If you or someone you know needs to be anointed, please contact the Parish Office at 708-447-1020.
"He summoned the Twelve and began to send them out two by two…They anointed with oil many who were sick and cured them."
The Sacrament of the Anointing of the Sick gives strength and support and can be administered to anyone struggling with an illness.
Who may Receive?
The Rite of Anointing tells us there is no need to wait until a person is at the point of death to receive the Sacrament. A careful judgment about the serious nature of the illness is sufficient. The Sacrament may be repeated if the sick person recovers after the anointing but becomes ill once again, or if, during the same illness, the person’s condition becomes more serious. A person should be anointed before surgery when a dangerous illness is the reason for the intervention (cf. Rite of Anointing, Introduction, nos. 8-10).
Moreover, “old people may be anointed if they are in weak condition even though no dangerous illness is present. Sick children may be anointed if they have sufficient use of reason to be comforted by this sacrament… [The faithful] should be encouraged to ask for the anointing, and, as soon as the time for the anointing comes, to receive it with faith and devotion, not misusing the sacrament by putting it off” (Rite of Anointing, nos. 11, 12, 13).

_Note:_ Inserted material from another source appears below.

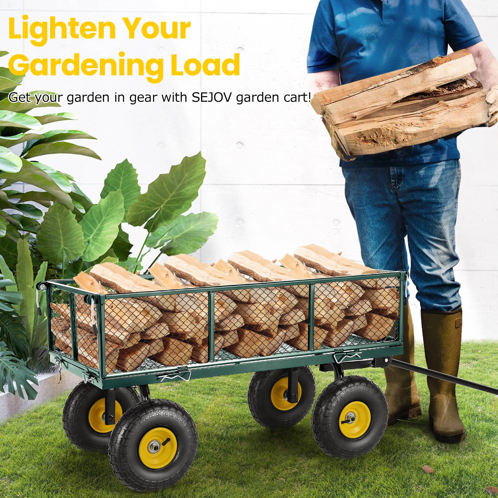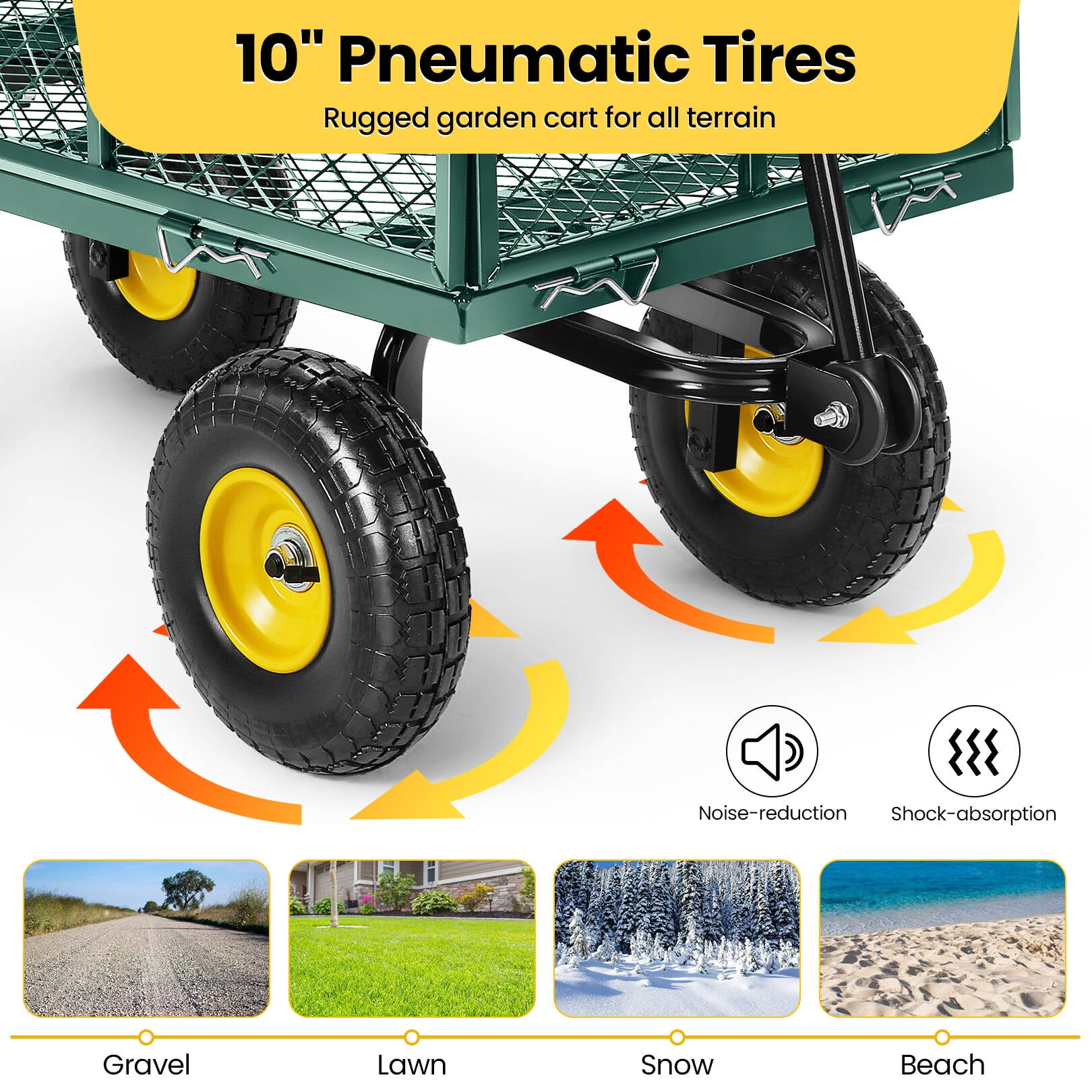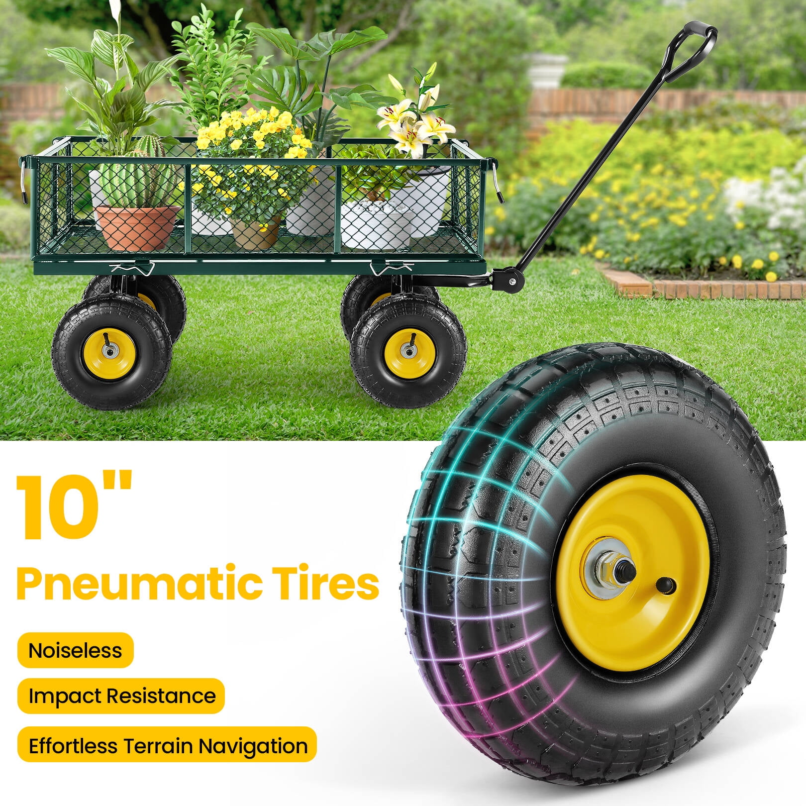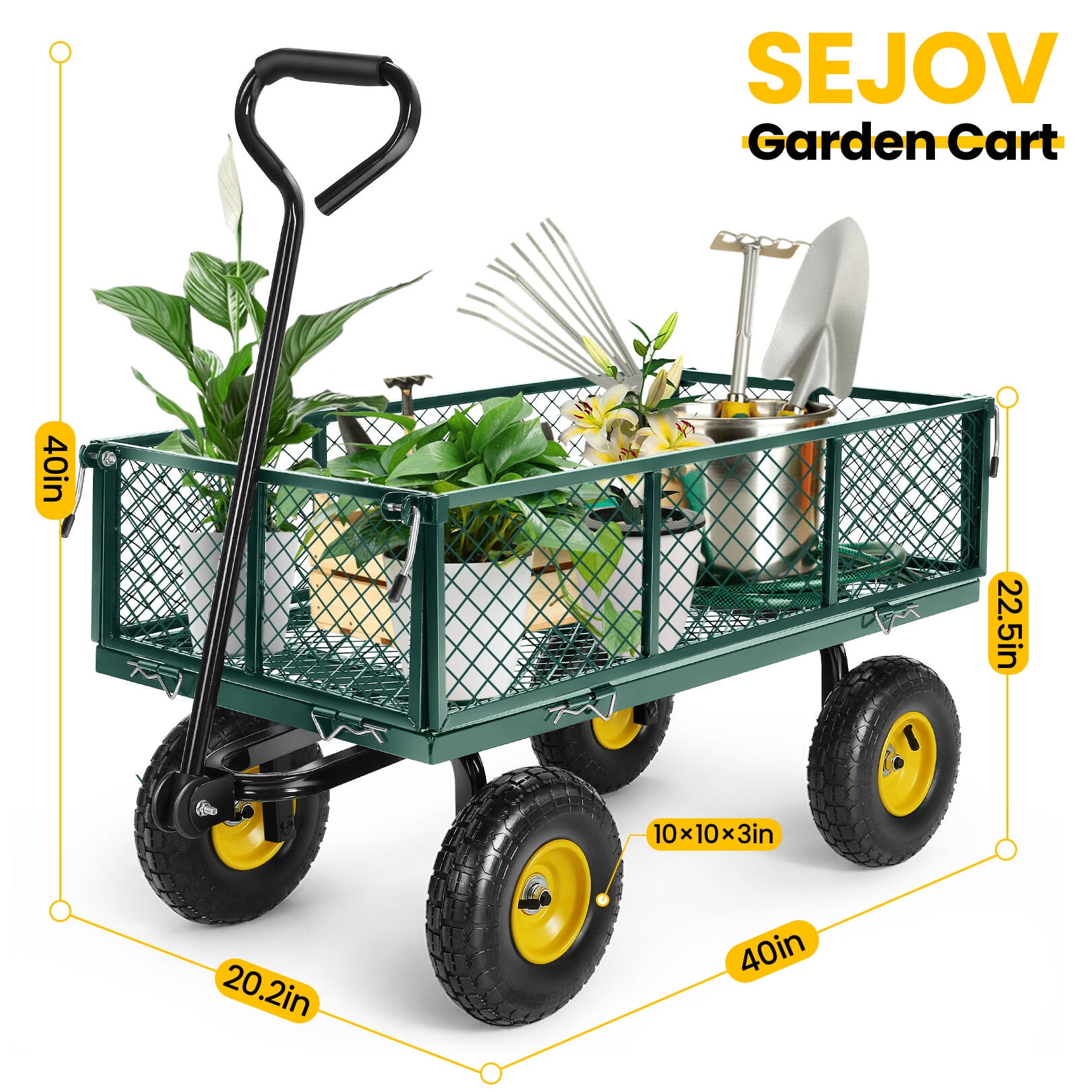 Funcid Steel Garden Cart with Removable Sides, Heavy Duty Yard Cart, 660 LBS Capacity Wagon, Rotating Handle, 10" Tires Wheels, Perfect for Garden Farm Yard, Green

In the Catholic Church, Extreme Unction or the Last Rites is the anointing at the time of death. Since the Second Vatican Council, this sacrament is now called the Anointing of the Sick and has been broadened to offer healing and comfort in times of illness that may not lead to immediate death. Speaking about a wider implementation of this sacrament, Pope Paul VI advocated for “a wider availability of the sacrament and to extend it—within reasonable limits—even beyond cases of mortal illness."
Unlike the traditional understanding of the Last Rites, the sacrament of the Anointing of the Sick is, ideally, to be administered in a communal celebration.
The Catechism of the Catholic Church states that when the sick are anointed they should be "assisted by their pastor and the whole ecclesial community, which is invited to surround the sick in a special way through their prayers and fraternal attention" (1516). "Like all the sacraments the Anointing of the Sick is a liturgical and communal celebration…It is very fitting to celebrate it within the Eucharist" (1517).
The healing that occurs in this sacrament of anointing is not necessarily physical healing. While we believe that physical healing can occur through the great power of God, the grace that is infused through this special sacrament is the reminder of the eternal presence of God in our human suffering.
When the priest blessing the oil of anointing, he asks God to "send the power of your Holy Spirit, the Consoler, into this precious oil. Make this oil a remedy for all who are anointed with it; heal them in body, in soul and in spirit, and deliver them from every affliction" (Pastoral Care of the Sick, #123).
"The celebration of the Anointing of the Sick consists essentially in the anointing of the forehead and hands of the sick person (in the Roman Rite) or of other parts of the body (in the Eastern rite), the anointing being accompanied by the liturgical prayer of the celebrant asking for the special grace of this sacrament" (CCC 1531).